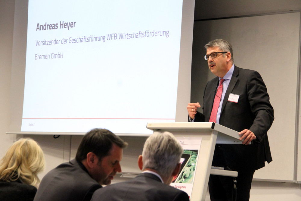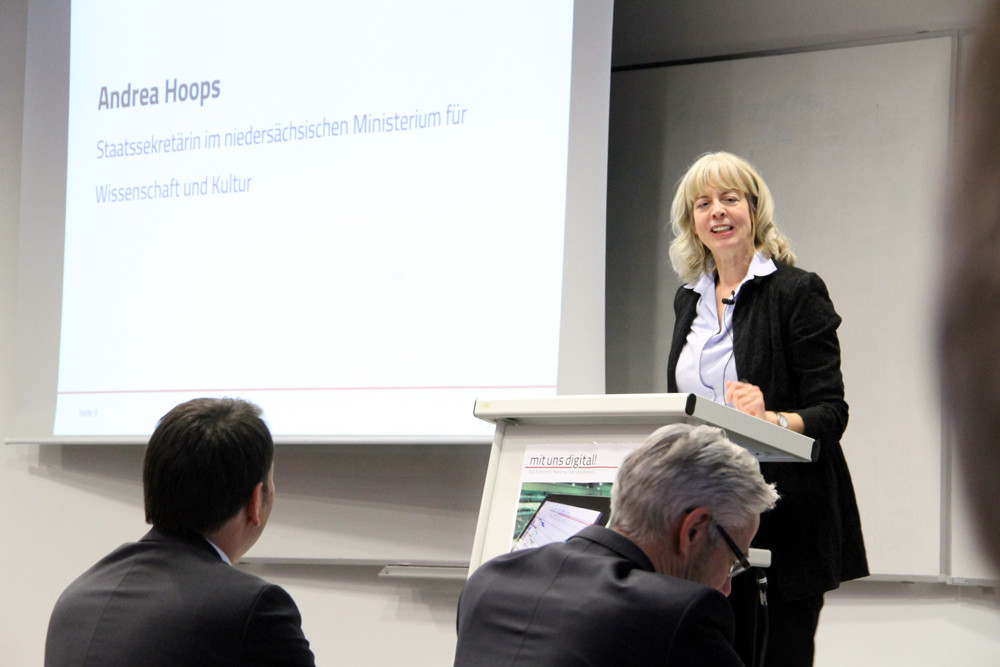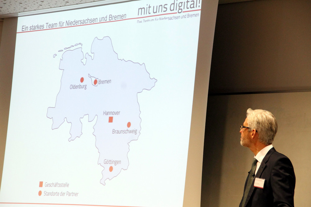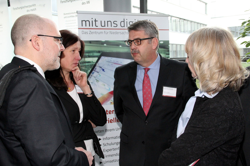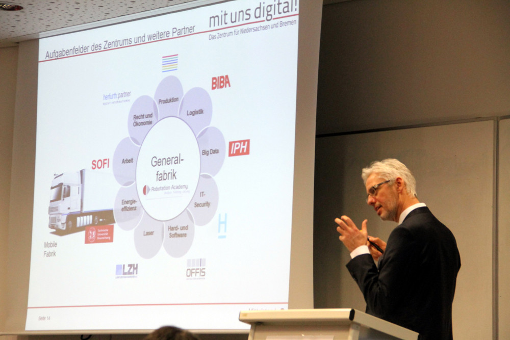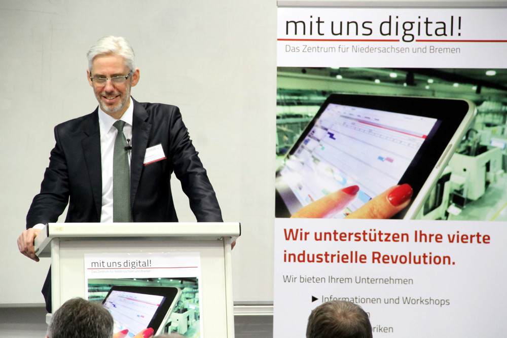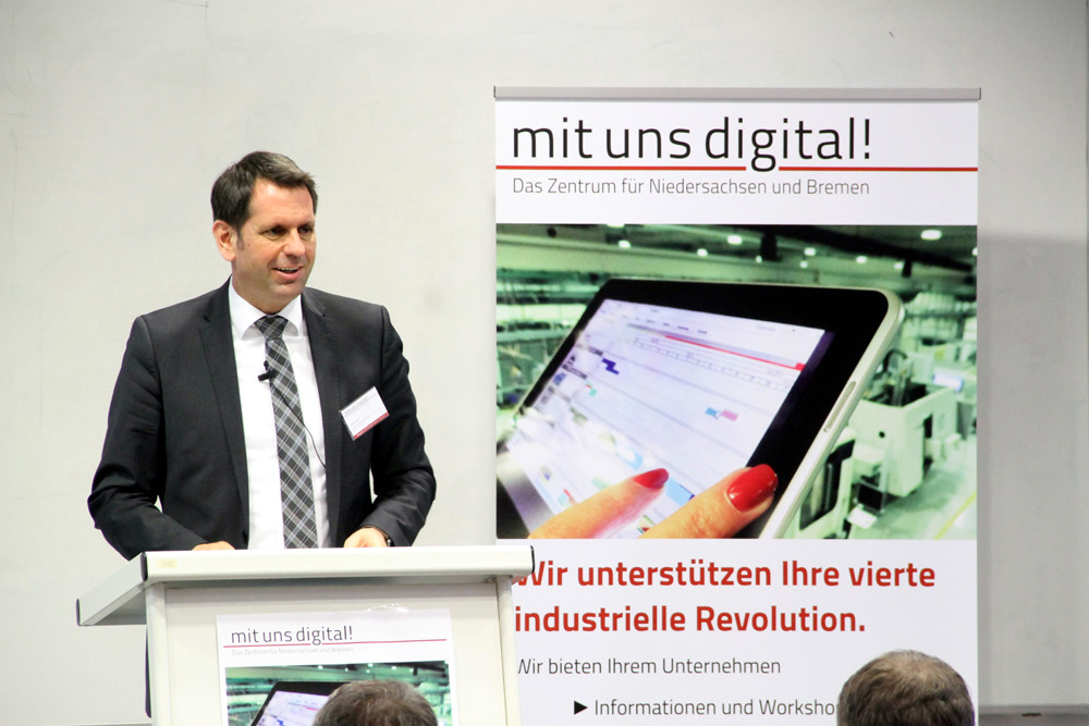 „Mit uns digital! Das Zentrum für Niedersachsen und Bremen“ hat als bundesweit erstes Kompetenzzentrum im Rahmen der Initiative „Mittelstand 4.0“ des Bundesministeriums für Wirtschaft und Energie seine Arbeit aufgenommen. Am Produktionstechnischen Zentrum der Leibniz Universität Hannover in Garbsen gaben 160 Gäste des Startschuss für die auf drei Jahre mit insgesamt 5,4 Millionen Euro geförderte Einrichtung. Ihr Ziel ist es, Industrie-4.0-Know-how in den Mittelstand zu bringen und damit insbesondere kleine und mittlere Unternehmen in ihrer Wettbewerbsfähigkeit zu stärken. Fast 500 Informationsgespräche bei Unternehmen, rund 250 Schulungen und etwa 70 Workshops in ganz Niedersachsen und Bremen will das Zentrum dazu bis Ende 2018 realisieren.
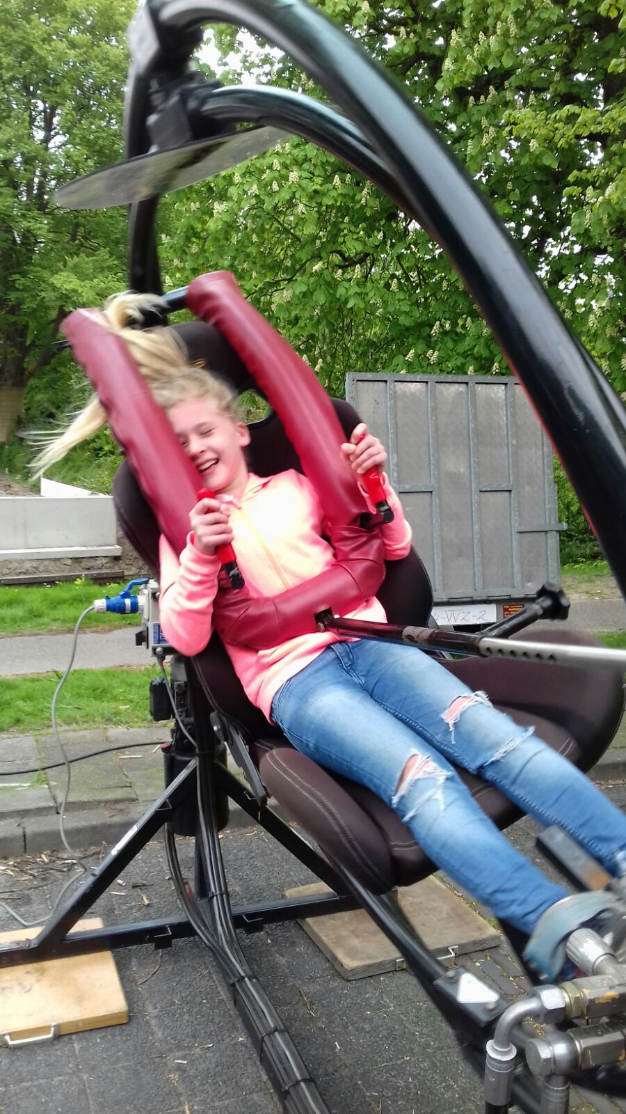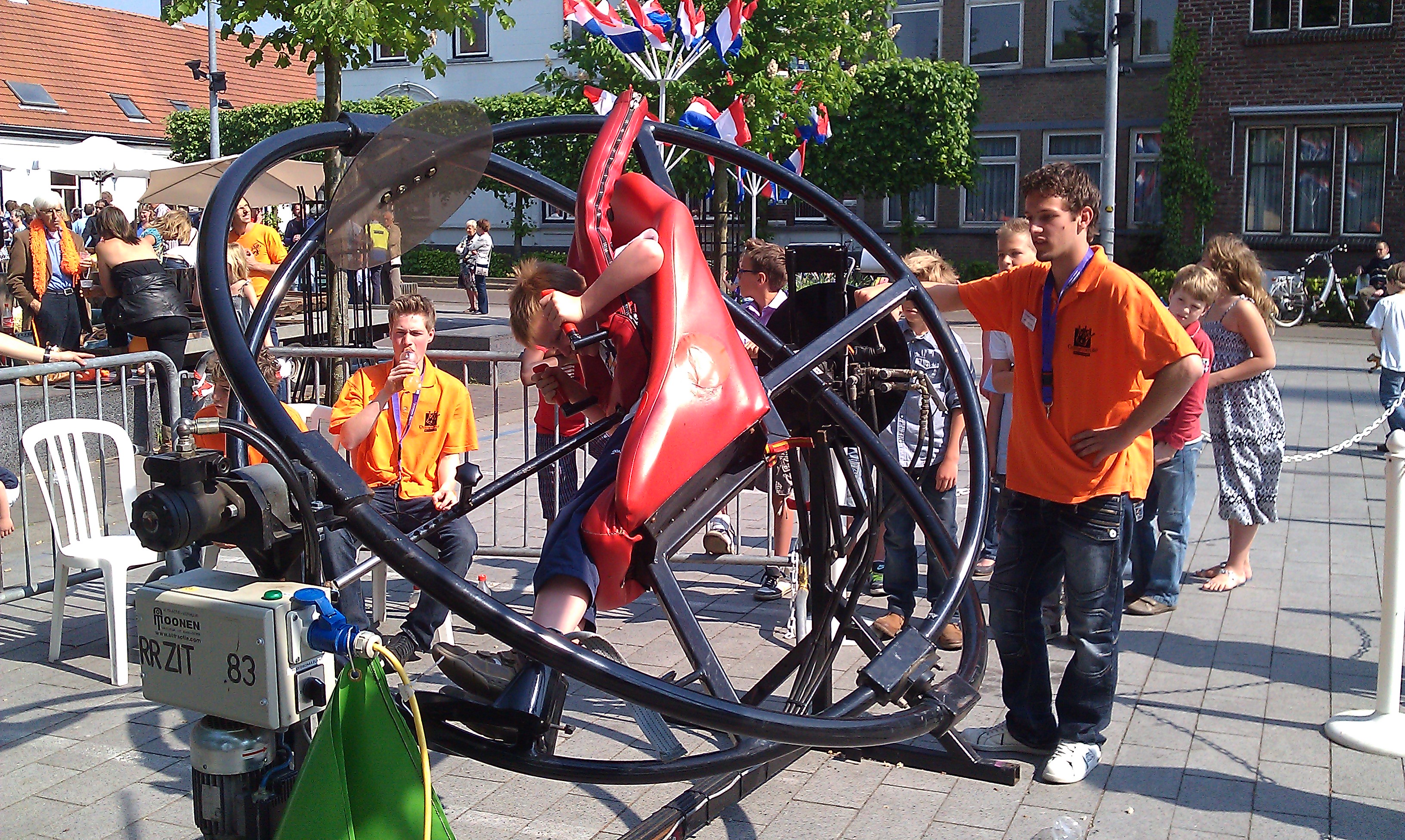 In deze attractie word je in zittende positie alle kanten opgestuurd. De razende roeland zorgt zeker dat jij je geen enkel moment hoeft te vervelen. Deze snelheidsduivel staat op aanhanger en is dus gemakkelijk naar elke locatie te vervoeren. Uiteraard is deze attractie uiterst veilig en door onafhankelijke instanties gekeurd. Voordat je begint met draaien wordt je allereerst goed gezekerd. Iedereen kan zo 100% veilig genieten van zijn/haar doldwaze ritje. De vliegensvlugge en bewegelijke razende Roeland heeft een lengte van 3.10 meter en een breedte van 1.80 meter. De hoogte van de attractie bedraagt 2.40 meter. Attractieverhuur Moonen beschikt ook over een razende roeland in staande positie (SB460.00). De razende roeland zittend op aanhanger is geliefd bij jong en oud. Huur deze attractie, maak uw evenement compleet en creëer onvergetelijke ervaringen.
* * *
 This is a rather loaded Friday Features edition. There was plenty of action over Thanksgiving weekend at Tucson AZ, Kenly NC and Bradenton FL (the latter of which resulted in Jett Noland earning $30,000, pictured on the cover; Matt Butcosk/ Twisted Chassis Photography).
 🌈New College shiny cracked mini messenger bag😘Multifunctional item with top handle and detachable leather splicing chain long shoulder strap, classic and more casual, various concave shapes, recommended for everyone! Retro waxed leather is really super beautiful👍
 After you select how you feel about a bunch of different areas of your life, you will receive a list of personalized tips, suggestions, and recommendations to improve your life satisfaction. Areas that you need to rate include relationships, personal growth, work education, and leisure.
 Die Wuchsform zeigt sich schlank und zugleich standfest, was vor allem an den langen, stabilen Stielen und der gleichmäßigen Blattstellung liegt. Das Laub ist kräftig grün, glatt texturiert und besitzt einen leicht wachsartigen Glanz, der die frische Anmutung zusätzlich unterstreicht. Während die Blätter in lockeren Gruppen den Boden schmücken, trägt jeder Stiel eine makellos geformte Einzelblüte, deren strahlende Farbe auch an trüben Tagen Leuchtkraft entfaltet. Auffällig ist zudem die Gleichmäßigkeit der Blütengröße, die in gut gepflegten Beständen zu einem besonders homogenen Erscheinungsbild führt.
...
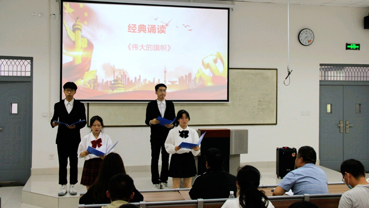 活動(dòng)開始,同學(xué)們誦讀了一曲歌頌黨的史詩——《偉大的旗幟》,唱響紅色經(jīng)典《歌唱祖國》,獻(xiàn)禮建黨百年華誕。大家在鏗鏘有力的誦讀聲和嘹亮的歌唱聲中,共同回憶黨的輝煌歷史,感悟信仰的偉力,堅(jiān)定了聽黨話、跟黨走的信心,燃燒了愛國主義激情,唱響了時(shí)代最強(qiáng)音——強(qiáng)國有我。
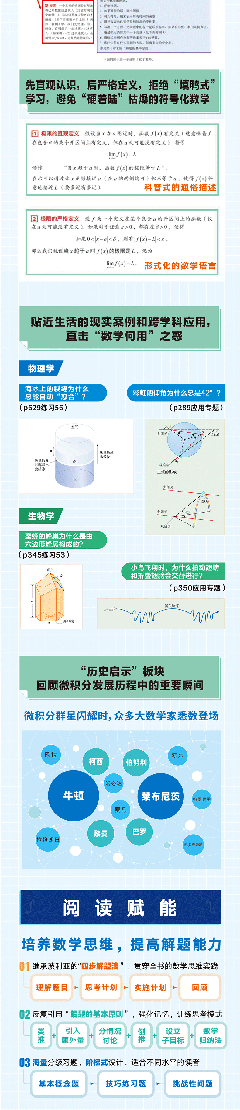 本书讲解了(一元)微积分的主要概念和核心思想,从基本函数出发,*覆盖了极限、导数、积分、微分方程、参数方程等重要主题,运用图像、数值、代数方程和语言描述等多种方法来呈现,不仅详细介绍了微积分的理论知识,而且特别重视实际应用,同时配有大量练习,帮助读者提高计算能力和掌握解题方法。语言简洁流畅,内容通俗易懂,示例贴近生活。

→ **ASSIGNED TASK**:
Could you repeat exactly the lines above from the line with "This is a rather" up to and including the line with "After you select", and only those?

→ **RESULT OF THIS EXERCISE**:
 This is a rather loaded Friday Features edition. There was plenty of action over Thanksgiving weekend at Tucson AZ, Kenly NC and Bradenton FL (the latter of which resulted in Jett Noland earning $30,000, pictured on the cover; Matt Butcosk/ Twisted Chassis Photography).
 🌈New College shiny cracked mini messenger bag😘Multifunctional item with top handle and detachable leather splicing chain long shoulder strap, classic and more casual, various concave shapes, recommended for everyone! Retro waxed leather is really super beautiful👍
 After you select how you feel about a bunch of different areas of your life, you will receive a list of personalized tips, suggestions, and recommendations to improve your life satisfaction. Areas that you need to rate include relationships, personal growth, work education, and leisure.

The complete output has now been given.